Start of Recorded data
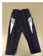
長ズボン（紺色ライン入り）
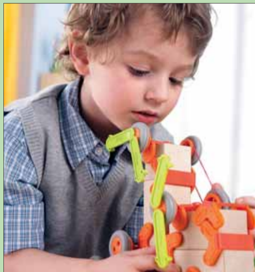
lps/zz. „Technik entdecken“: Mit Baustein-Kupplungen und Räder-Klemmen lassen sich tolle Fahrzeuge konstruieren.

lps/zz. Bausteine kann man nie genug haben – ob Quader, Zylinder, Säulen oder Dreiecke. Seit Generationen faszinieren Bausteine den Nachwuchs. Die Kleinen tasten und fühlen die verschiedenen Formen. Sie sind stolz, wenn der erste wackelige Turm steht und werfen ihn gleich voller Begeisterung um. Schön,
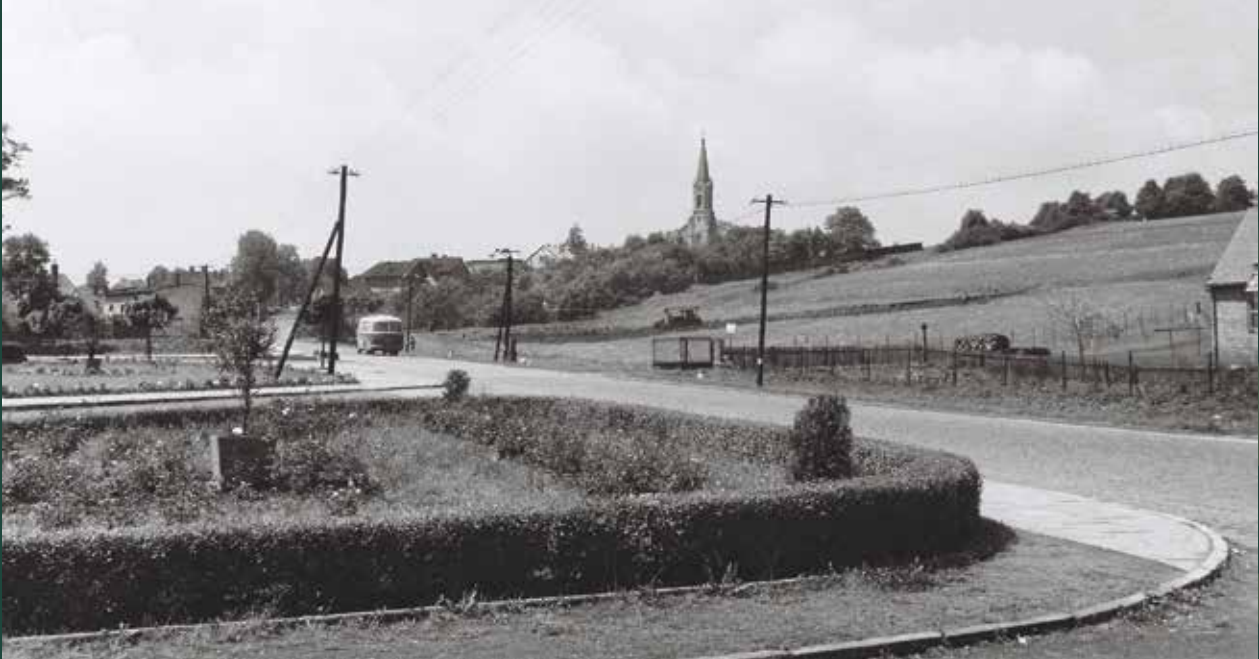
Ulica Objazdowa – po prawej niezabudowana Kaplicówka, 1963 rok
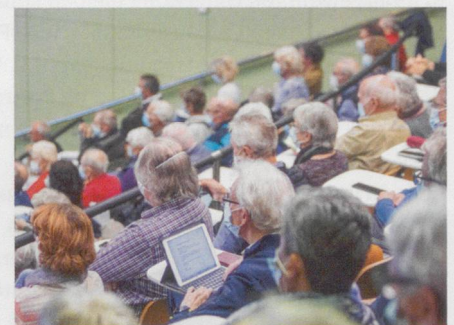
Aufmerksame Zuhörerinnen und Zuhörer.

Um dies gezielt zu trainieren, gibt es verschiedene logopädische Therapiemöglichkeiten. Generell gilt: Betroffene sollten so früh wie möglich mit Logopädie beginnen (vgl. Hunziker, Magazin Parkinson 121). Gut erforscht ist die Wirksam-
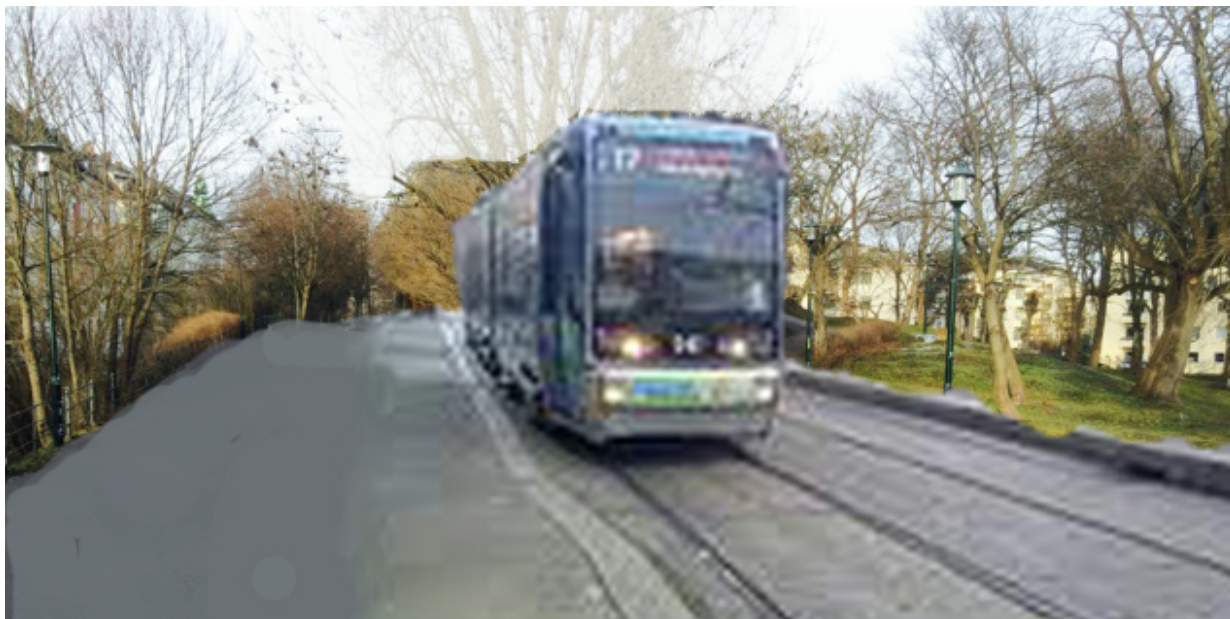
Omtrent slik vil det ta seg ut når trikken har tatt for seg av Tinkern.

Dette kan dessverre bli realitet om noen år hvis hovedalternativet til trasé til Fjordtrikken blir gjennomført. Statens Vegvesen i samarbeid med Ruter arbeider nå med detaljregulering for bl.a. Fjordtrikken over Filipstad. Det betyr i praksis at man vil anlegge en trikketrasé i gang- og sykkelveien som i dag går langs Tinkern. Som alle vil forstå er denne veien alt for smal til et dobbelt trikkespor. Derfor vil trikken kreve et minst 20 m bredt belte av Tinkern før den skal ut på et monster av en bro over Hjortneskrysset og videre ned i den nye bydelen på Filipstad.
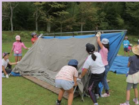
「みんなで息をあわせて！せーのっ！」
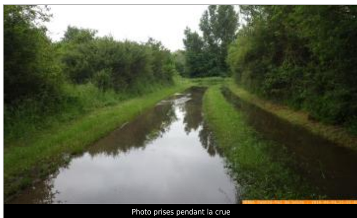
Photo prises pendant la crue
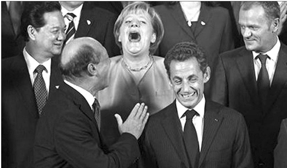
Ki nevet a végén? Traian Băsescu (háttal) szórakoztatja Angela Merkelt és Nicolas Sarkozyt

Legpresszimiztábbnak Leonard Orban, az államfő európai ügyekben illetékes főtanácsadója, az Európai Bizottság korábbi többnyelvűségi biztosa mutatkozott, aki a Radio France Internationale -nak (RFI) adott tegnapi interjújában úgy vélte, Románia nagy valószínűség szerint már csak annak érdekében tehet erőfeszítéseket, hogy a jövő márciusra tervezett csatlakozás halasztása minél rövidebb időtartamú legyen. Orban szerint Brice Hortefeux francia és Thomas de Maiziere német belügyminiszterek közös levele – amelyben az Európai Unió két alapító állama Románia és Bulgária 2011 tavaszára tervezett Schengen-csatlakozásának halasztását kéri – nagy valószínűség szerint azt jelenti, hogy Bukarest és Szófia nem válhat a szabad mozgást lehetővé tevő övezet részévé az eredeti ütemterv szerint. Hozzátette: több jel utal arra, hogy akár évekig eltarthat a csatlakozás halasztása, hiszen Franciaországban 2012-ben, Németországban pedig 2013-ban rendeznek választásokat, ebben az időszakban pedig nagyon kemény tárgyalások várhatók az EU következő költségvetéséről. „Ezek
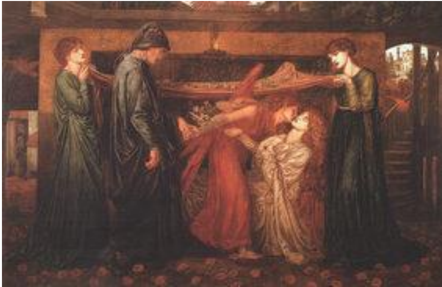
Fig.4. D. G. Rossetti, Il sogno di Dante , 1871, conservato presso la Walker Art Gallery, Liverpool, Inghilterra.
End of Recorded data
## Exercise details
Filter the listing above so that only lines holding the word "trikken" remain, and report those lines.

## Response to this task
Omtrent slik vil det ta seg ut når trikken har tatt for seg av Tinkern.
Dette kan dessverre bli realitet om noen år hvis hovedalternativet til trasé til Fjordtrikken blir gjennomført. Statens Vegvesen i samarbeid med Ruter arbeider nå med detaljregulering for bl.a. Fjordtrikken over Filipstad. Det betyr i praksis at man vil anlegge en trikketrasé i gang- og sykkelveien som i dag går langs Tinkern. Som alle vil forstå er denne veien alt for smal til et dobbelt trikkespor. Derfor vil trikken kreve et minst 20 m bredt belte av Tinkern før den skal ut på et monster av en bro over Hjortneskrysset og videre ned i den nye bydelen på Filipstad.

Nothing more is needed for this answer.